* _Work order_:
Please retype every record below exactly, leaving the pictures out.

-------

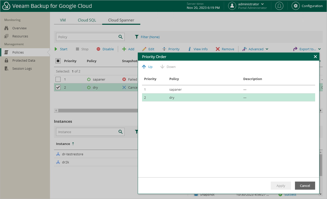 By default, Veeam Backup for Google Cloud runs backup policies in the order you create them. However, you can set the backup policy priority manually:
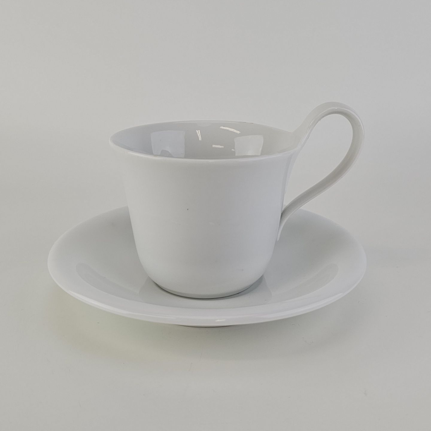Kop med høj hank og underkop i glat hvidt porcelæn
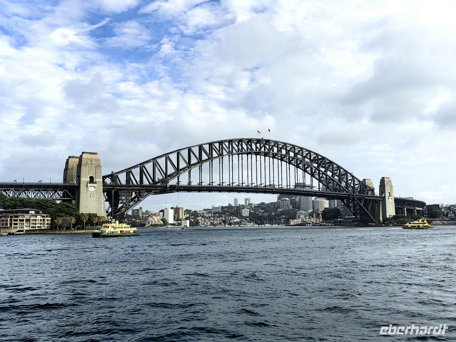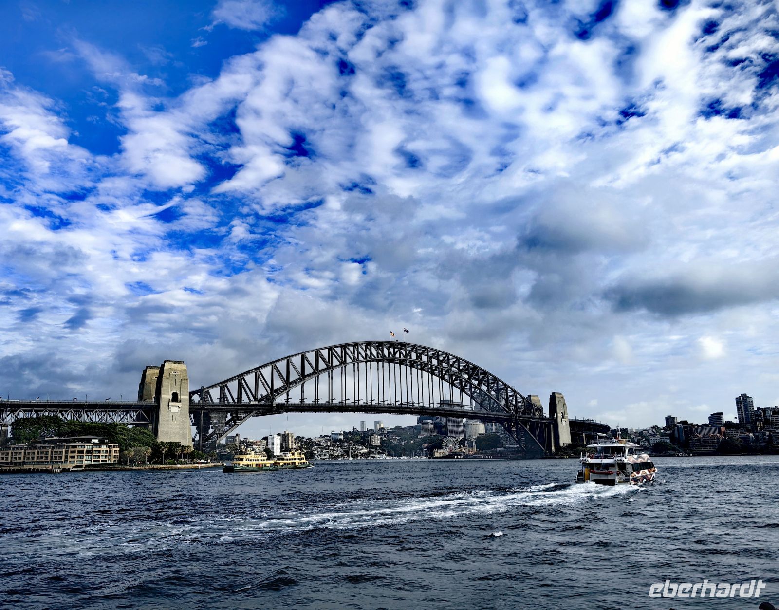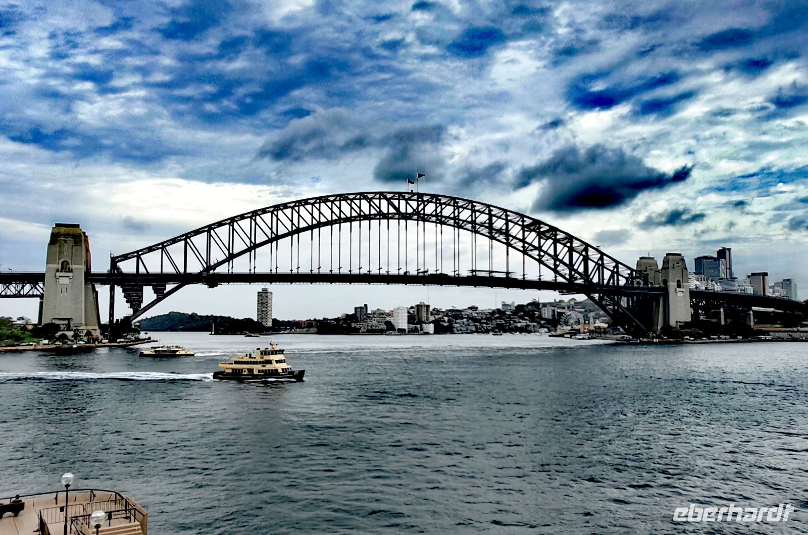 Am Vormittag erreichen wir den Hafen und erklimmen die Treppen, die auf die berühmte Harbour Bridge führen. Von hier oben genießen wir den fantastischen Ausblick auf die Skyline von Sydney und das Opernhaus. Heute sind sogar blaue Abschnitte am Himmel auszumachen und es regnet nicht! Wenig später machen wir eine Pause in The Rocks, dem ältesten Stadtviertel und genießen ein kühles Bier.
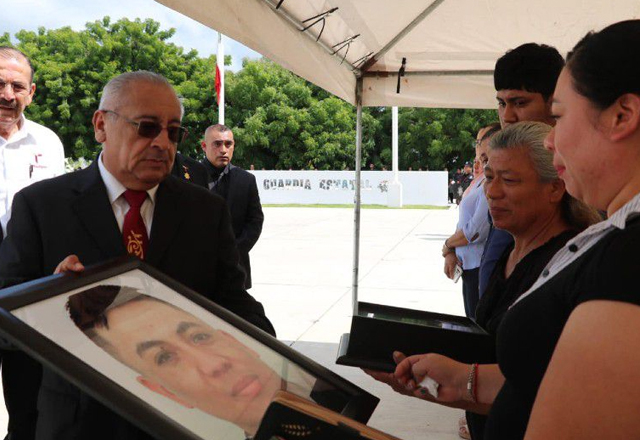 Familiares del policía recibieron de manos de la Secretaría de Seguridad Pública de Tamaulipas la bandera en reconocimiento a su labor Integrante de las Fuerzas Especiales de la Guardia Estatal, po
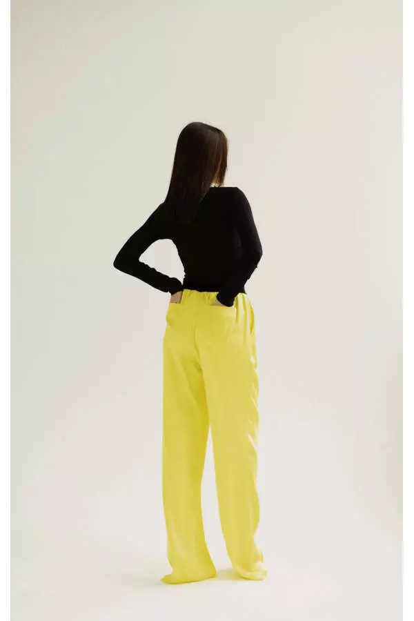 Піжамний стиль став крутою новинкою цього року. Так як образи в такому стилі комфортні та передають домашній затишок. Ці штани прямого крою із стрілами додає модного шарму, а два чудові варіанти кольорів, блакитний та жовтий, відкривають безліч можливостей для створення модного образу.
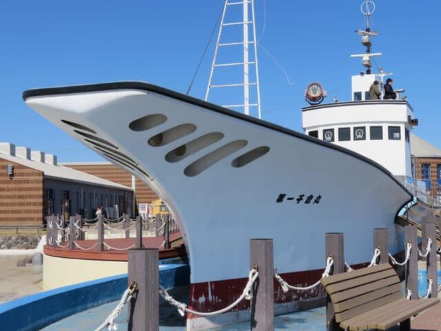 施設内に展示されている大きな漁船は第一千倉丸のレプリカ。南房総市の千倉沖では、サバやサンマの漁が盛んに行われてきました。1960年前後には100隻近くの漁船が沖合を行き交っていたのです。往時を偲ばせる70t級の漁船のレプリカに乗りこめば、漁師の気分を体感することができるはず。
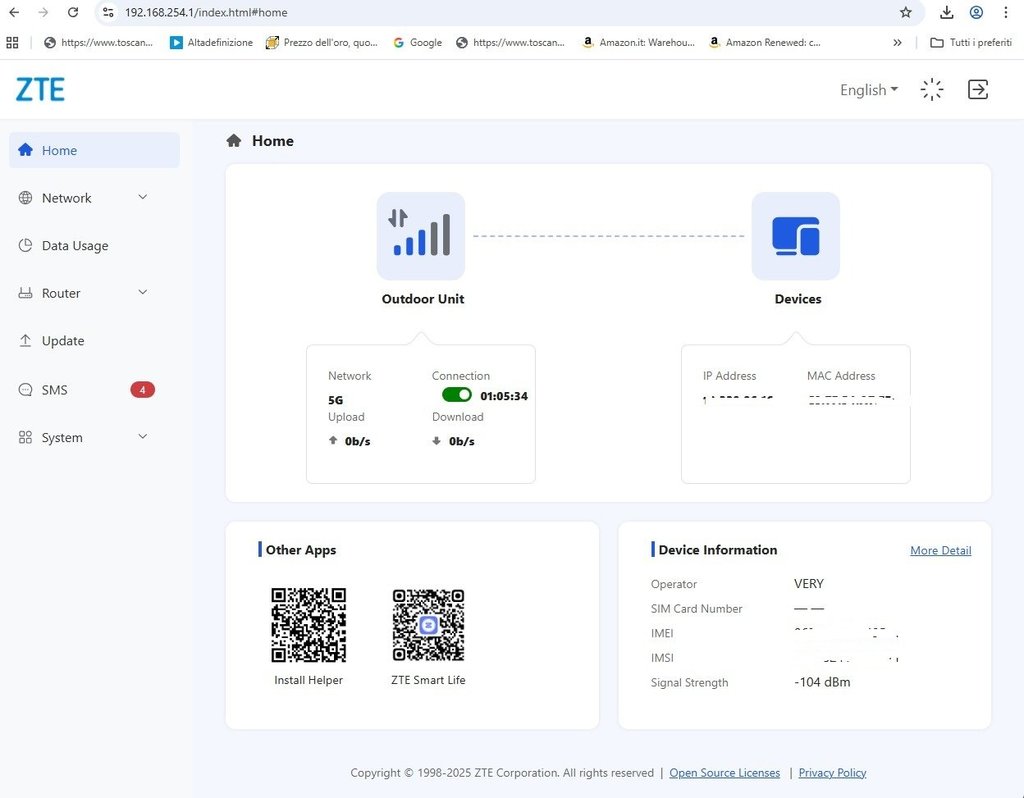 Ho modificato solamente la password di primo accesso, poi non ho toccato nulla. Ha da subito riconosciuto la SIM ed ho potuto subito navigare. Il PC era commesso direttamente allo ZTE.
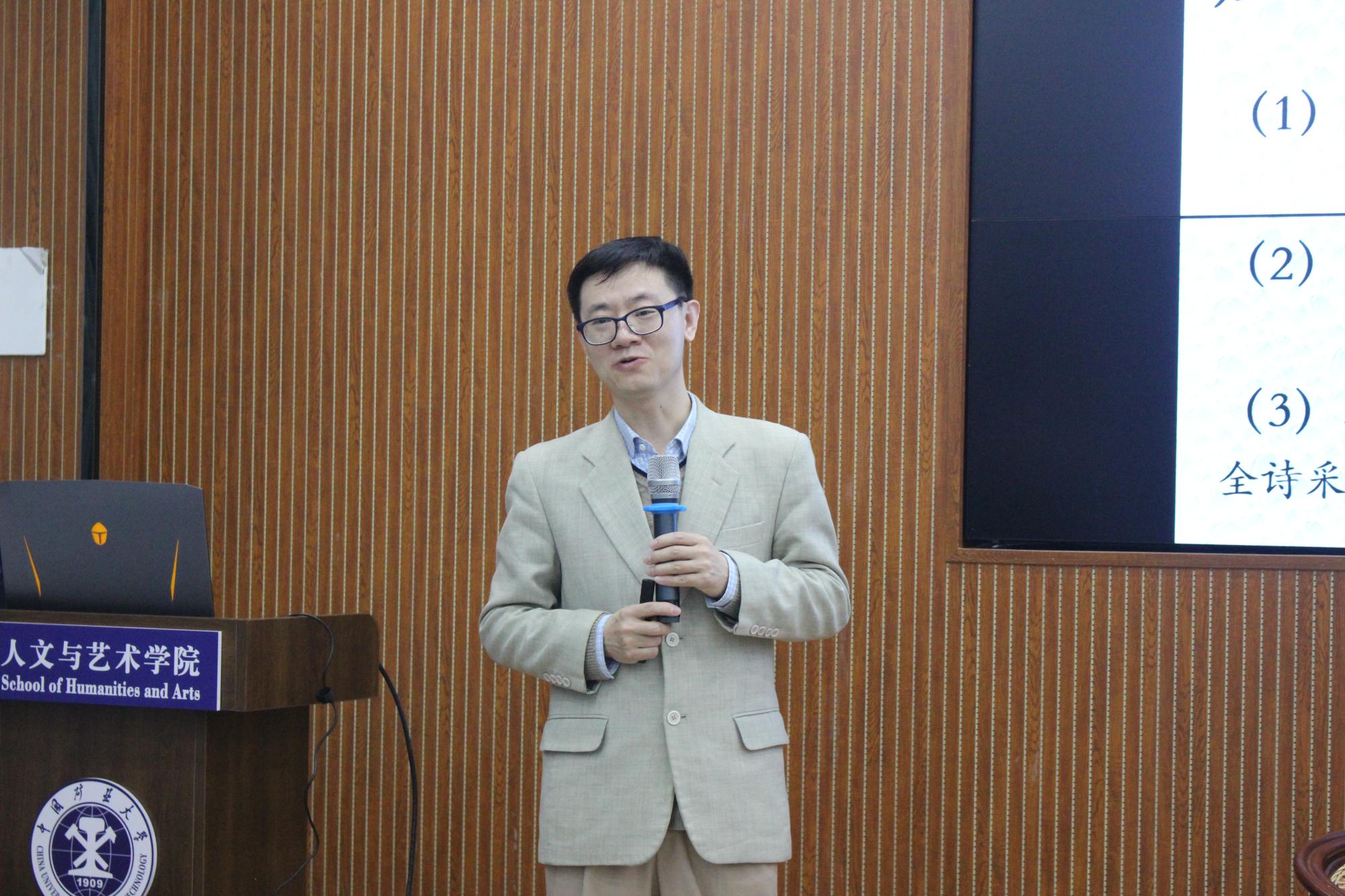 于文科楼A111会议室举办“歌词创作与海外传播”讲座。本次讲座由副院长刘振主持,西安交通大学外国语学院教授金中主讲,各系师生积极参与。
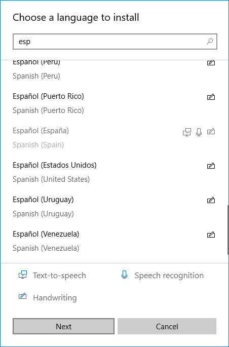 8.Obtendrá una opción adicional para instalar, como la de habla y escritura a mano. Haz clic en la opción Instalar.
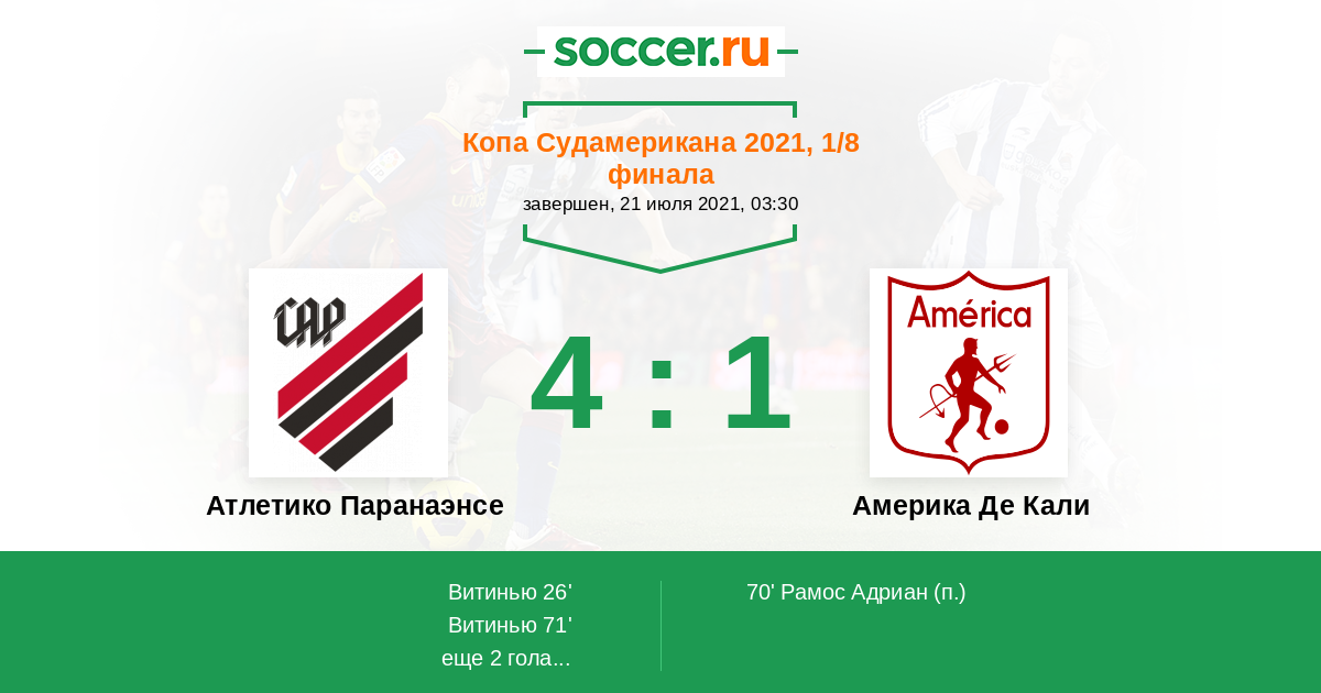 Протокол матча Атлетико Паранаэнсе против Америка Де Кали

-------

* _Answer for the task_:
 By default, Veeam Backup for Google Cloud runs backup policies in the order you create them. However, you can set the backup policy priority manually:
Kop med høj hank og underkop i glat hvidt porcelæn
 Am Vormittag erreichen wir den Hafen und erklimmen die Treppen, die auf die berühmte Harbour Bridge führen. Von hier oben genießen wir den fantastischen Ausblick auf die Skyline von Sydney und das Opernhaus. Heute sind sogar blaue Abschnitte am Himmel auszumachen und es regnet nicht! Wenig später machen wir eine Pause in The Rocks, dem ältesten Stadtviertel und genießen ein kühles Bier.
 Familiares del policía recibieron de manos de la Secretaría de Seguridad Pública de Tamaulipas la bandera en reconocimiento a su labor Integrante de las Fuerzas Especiales de la Guardia Estatal, po
 Піжамний стиль став крутою новинкою цього року. Так як образи в такому стилі комфортні та передають домашній затишок. Ці штани прямого крою із стрілами додає модного шарму, а два чудові варіанти кольорів, блакитний та жовтий, відкривають безліч можливостей для створення модного образу.
 施設内に展示されている大きな漁船は第一千倉丸のレプリカ。南房総市の千倉沖では、サバやサンマの漁が盛んに行われてきました。1960年前後には100隻近くの漁船が沖合を行き交っていたのです。往時を偲ばせる70t級の漁船のレプリカに乗りこめば、漁師の気分を体感することができるはず。
 Ho modificato solamente la password di primo accesso, poi non ho toccato nulla. Ha da subito riconosciuto la SIM ed ho potuto subito navigare. Il PC era commesso direttamente allo ZTE.
 于文科楼A111会议室举办“歌词创作与海外传播”讲座。本次讲座由副院长刘振主持,西安交通大学外国语学院教授金中主讲,各系师生积极参与。
 8.Obtendrá una opción adicional para instalar, como la de habla y escritura a mano. Haz clic en la opción Instalar.
 Протокол матча Атлетико Паранаэнсе против Америка Де Кали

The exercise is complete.